Other decisions have proved just as prescient: the advanced air filtration that pumps the building with 50 per cent more fresh air than required under the Australian Building Code; the UV lamps that kill microbes and mould; the biophilic greenery and abundant natural light that contribute to a calm, connected workplace.

The building’s technology backbone – envisaged years before people started talking about creating a ‘frictionless experience’ – made it easy to incorporate touchless technology essential for COVIDSafe workplaces.

‘All these features were built into the DNA of the building to improve the health and productivity of people,’ Chiu adds.

Virtual model reaps real benefits

When Investa opened the doors of Barrack Place for the first time, the operational team knew where each of the building’s 25,476 physical and maintained assets were located and their condition, thanks to an industry-leading digital twin delivered in partnership with technology company Willow.

The digital twin not only mapped out every floor, wall, ceiling, stair, lift and even doorhandle. It also captures real time data from IoT sensors, monitors the spatial utilisation by people, and is a deep database that holds everything from the architect’s drawings through to the service histories of plant and equipment.

‘When we started working with Willow, everyone was only talking about building information modelling, but everyone wanted an off the shelf solution and were waiting for the government to mandate a standard. It was far from a mature market. But we understood the value and decided to take a stance and make Barrack Place the first office building globally that mandated a digital twin from start to finish,’ Chiu says.

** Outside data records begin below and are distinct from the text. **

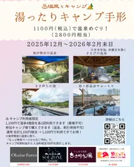 【湯ったりキャンプ手形 はじまります】 冬キャンプに“歩いて行ける温泉”という楽しみをプラスした、新しい過ごし方を提案する取り組みがスタートします。 湯ったりキャンプ手形(1,100円) を購入すると、参加キャンプ場の温泉を 各施設1回ずつ無料 で利用できます(重複利用は不可)。
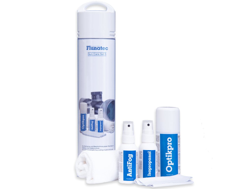Profesionální sada pro dokonalou péči o optiku – puškohledy, dalekohledy, kolimátory i sportovní či lovecké přístroje s displejem. V jednom balení získáte kompletní systém péče: šetrný čistič optiky Fluna Optik Pro ve formě pěny, která snadno odstraní nečistoty a prach, isopropanol k odmaštění skleněných povrchů, přípravek Fluna Anti Fog, jenž vytvoří dlouhodobou vrstvu proti zamlžování, a dvě kvalitní utěrky (mikrovláknová a speciální lešticí) pro perfektně čistý obraz bez šmouh.
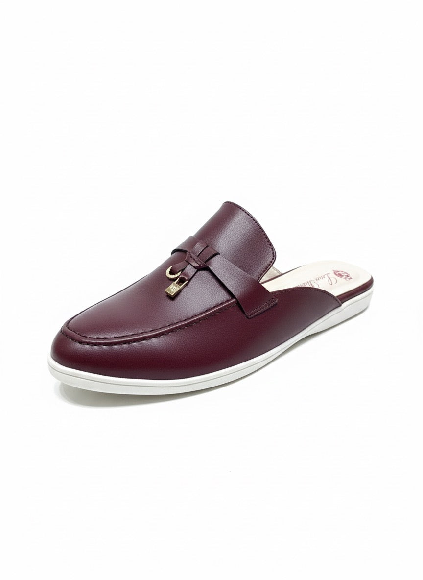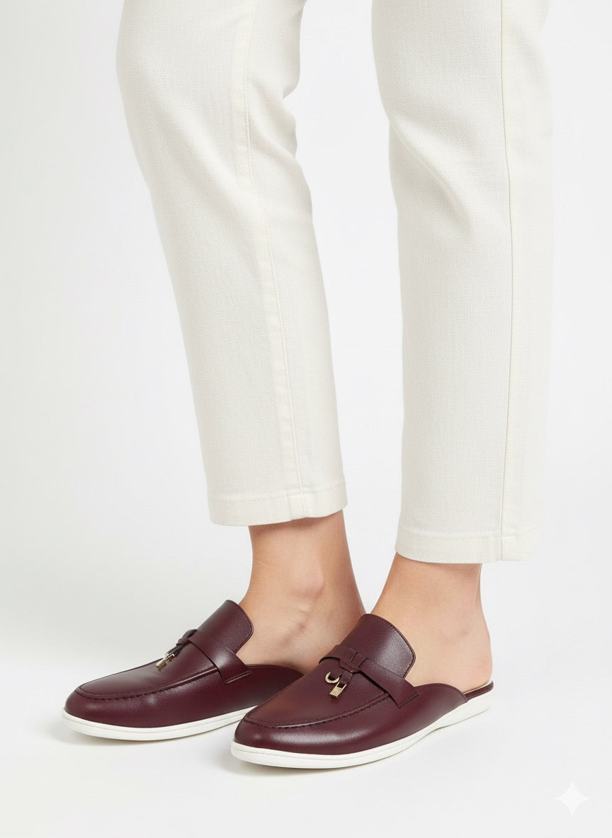 Mules femme en daim grenat, cuir suédé doux, talon plat / petit talon, bride large enveloppante. Élégantes et faciles à enfiler, parfaites pour un style chic-décontracté au quotidien.

RLB director Stephen Mee led the team providing commercial certainty on Barrack Place by guiding design development, tendering and post contract cost administration. He agrees that Investa’s approach was ‘industry-leading’, and the digital twin helped Investa to ‘optimise the building’s full value’.

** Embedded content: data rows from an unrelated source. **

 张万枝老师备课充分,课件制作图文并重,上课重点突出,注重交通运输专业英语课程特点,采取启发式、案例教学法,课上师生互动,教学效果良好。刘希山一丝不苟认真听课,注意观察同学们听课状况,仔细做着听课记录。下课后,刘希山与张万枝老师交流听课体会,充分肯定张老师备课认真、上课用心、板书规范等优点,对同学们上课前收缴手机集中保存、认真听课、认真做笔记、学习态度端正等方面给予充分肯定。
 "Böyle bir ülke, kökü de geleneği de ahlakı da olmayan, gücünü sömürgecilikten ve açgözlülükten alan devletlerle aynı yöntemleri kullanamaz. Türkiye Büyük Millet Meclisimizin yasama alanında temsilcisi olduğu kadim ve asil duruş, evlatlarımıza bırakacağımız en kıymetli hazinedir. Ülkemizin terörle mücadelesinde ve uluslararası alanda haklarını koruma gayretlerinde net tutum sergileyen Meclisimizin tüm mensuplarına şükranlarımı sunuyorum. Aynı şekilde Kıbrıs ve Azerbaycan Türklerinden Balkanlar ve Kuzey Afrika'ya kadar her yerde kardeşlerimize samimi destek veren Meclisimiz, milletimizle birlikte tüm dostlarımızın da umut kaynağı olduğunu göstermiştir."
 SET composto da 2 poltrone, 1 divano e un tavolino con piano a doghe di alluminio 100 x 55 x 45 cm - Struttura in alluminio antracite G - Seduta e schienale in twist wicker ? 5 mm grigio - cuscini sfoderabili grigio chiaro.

‘Market cost escalation was emerging when Investa went out to tender. Documenting the project in the BIM with a bill of quantities resulted in a competitive tender and improved the project’s feasibility. Digital twins might be more commonplace today, but Investa led the industry to make them commonplace,’ Mee says.

RLB has partnered with the Property Council to present the awards program since its inception in 1982, and when Mee joined RLB 37 years ago, the awards program was just a year old. He’s watched Australia’s property industry evolve since then and says Investa’s win is a career highlight.

Mee’s colleague Terrance Lai, who also worked on the project, agrees. Lai points to the building’s ‘multiplier effect’ as an important legacy. ‘It’s not just an office block in the city. Investa’s Barrack Place has regenerated the whole North West area of the CBD,’ Lai says.

Chiu says the development process wasn’t always smooth sailing, but ‘Investa is relatively small and nimble and we don’t get hung up on making small mistakes. We’ll take our licks as long as we learn and keep evolving.’

In the case of Investa’s Barrack Place, the lessons learnt – from digital twins to WELL ratings – have benefited Australia’s entire property industry.